Erik Peterson
	   Computational Linguist, Applications Technology
	       Graduate Student, Georgetown University


	       A Chinese Named Entity Extraction System


			       ABSTRACT

	     For many information applications, being able to identify
       the proper names and other entities in the text is a vital step
       in understanding and using the text.  For example, in a
       Chinese-English machine translation system, if a word is
       identified as a person name, it can be romanized, rather than
       being translated as a regular word.  Other entities, such as
       times, dates, and money amounts, are best translated by modules
       with special knowledge of these domains.  This paper discusses
       the development and testing of a Perl-based named entity
       identification and extraction system for simplified Chinese
       text.  This system can serve as a first stage to other Chinese
       language processing systems.  Entities that are identified
       include locations, person names, organizations, dates, times,
       money amounts, and percentages.  The system uses a segmenter
       and a specially created pattern matching language to identify
       these named entities.  Useful criteria for finding each of
       these entity types, along with the major problems in finding
       them, are discussed.  Scores are reported for the system as run
       on a test corpus and possibilities for improvement are
       proposed.


INTRODUCTION
------------

	For many information applications, being able to identify the
proper names, among other entities, in the text is an important step
in understanding and using the text.  For example, in a
Chinese-English machine translation system, if a word is identified as
a person name, it can be romanized, rather than being directly
translated.  Other entities, such as times, dates, and money amounts,
are best translated by modules with special knowledge of these
domains.

	Fortunately, these entities have common characteristics and
occur in regular contexts that make it possible to write patterns to
identify them.  To utilize these common patterns, I have written a
complete system for processing Chinese text and identifying named
entities.  This system is written entirely in the Perl programming
language, making it portable to a variety of computer systems.  It
runs on texts encoded in the GuoBiao (GB) computer code set for
Chinese, as used in the People's Republic of China and Singapore.

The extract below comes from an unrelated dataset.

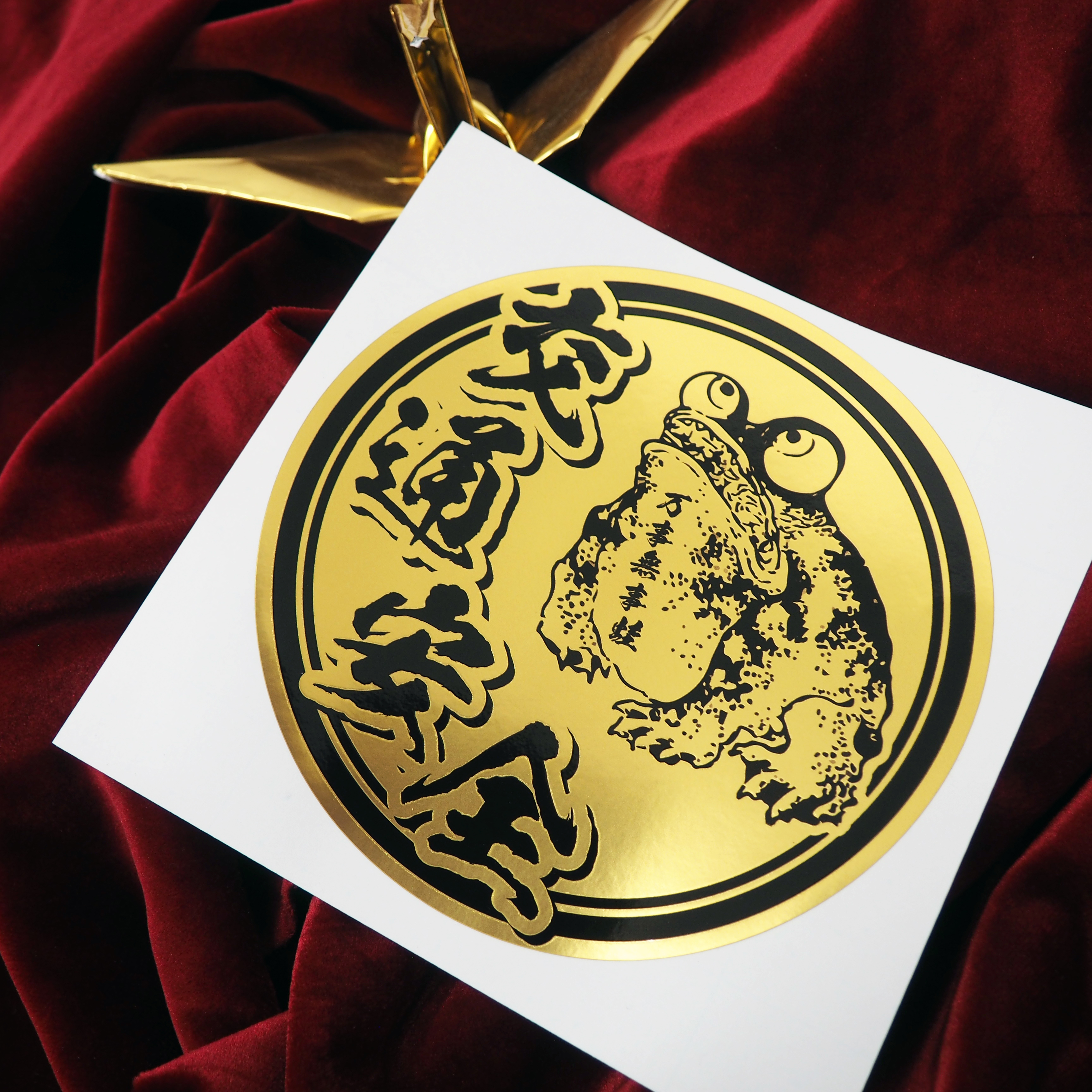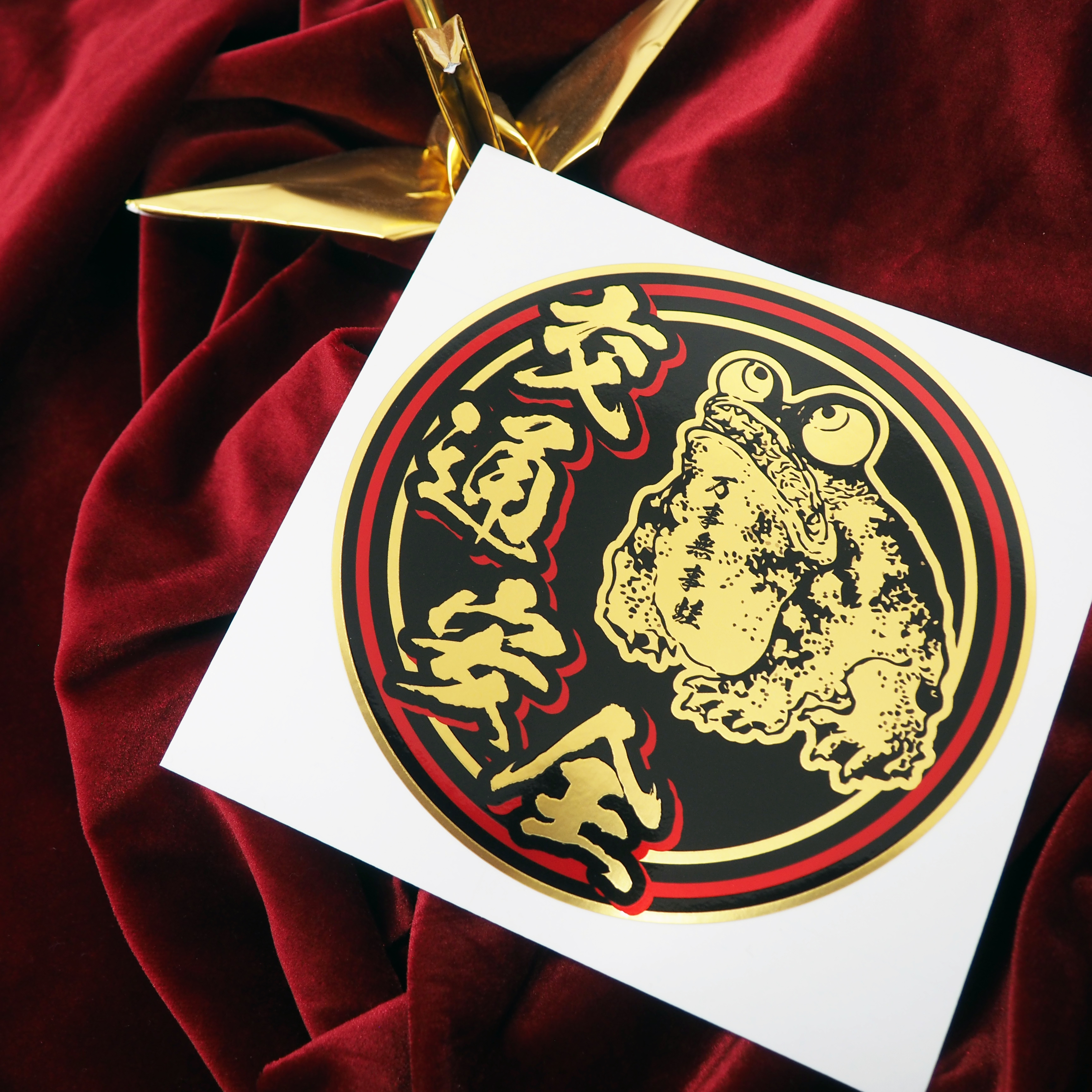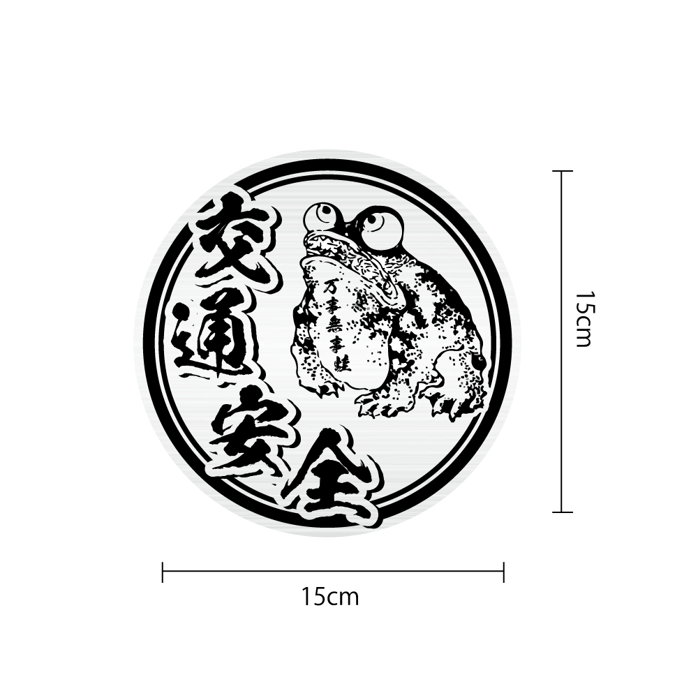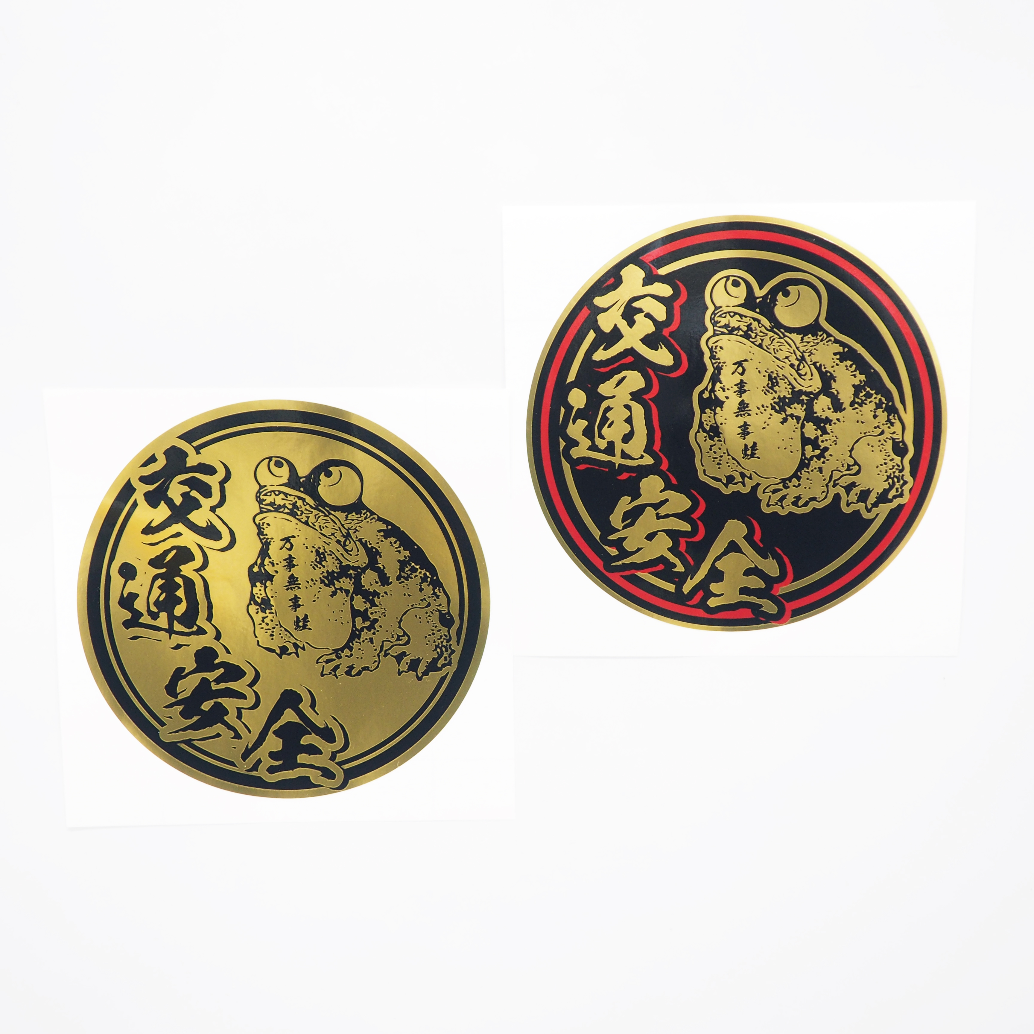 渋い蛙のデザインで一味違う交通安全ステッカーはいかがでしょうか。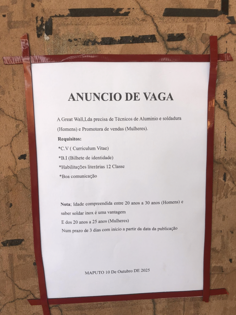 A Great Wall, Lda precisa de Técnicos de Alumínio e soldadura (Homens) e Promotora de vendas (Mulheres).

	An important part of any Chinese language processing system is
tokenizing the text into character compounds.  How the text is
segmented is influenced by the needs of the subsequent processing
stages.  The segmenter used by this extraction system uses a simple
Maximal Matching Algorithm, augmented with routines to find numbers,
transliterated names, and Chinese names.  Development of the segmenter
occurred in close coordination with development of the extraction
system.  For example, compounds that would otherwise be considered
valid words are removed from the segmenter's lexicon if they cause
conflicts in finding a named entity.  For example, the compound 英国人 
(England + Person = Englishman) was removed since it interfered in
finding "England" by itself as a location.

	Decisions on what to consider as a person, location,
organization, etc. are mostly drawn from the tagging guidelines
established for the Message Understanding Conference sponsored by the
United States government [1].  Each extraction type below includes a
summary of what was included and excluded during name finding.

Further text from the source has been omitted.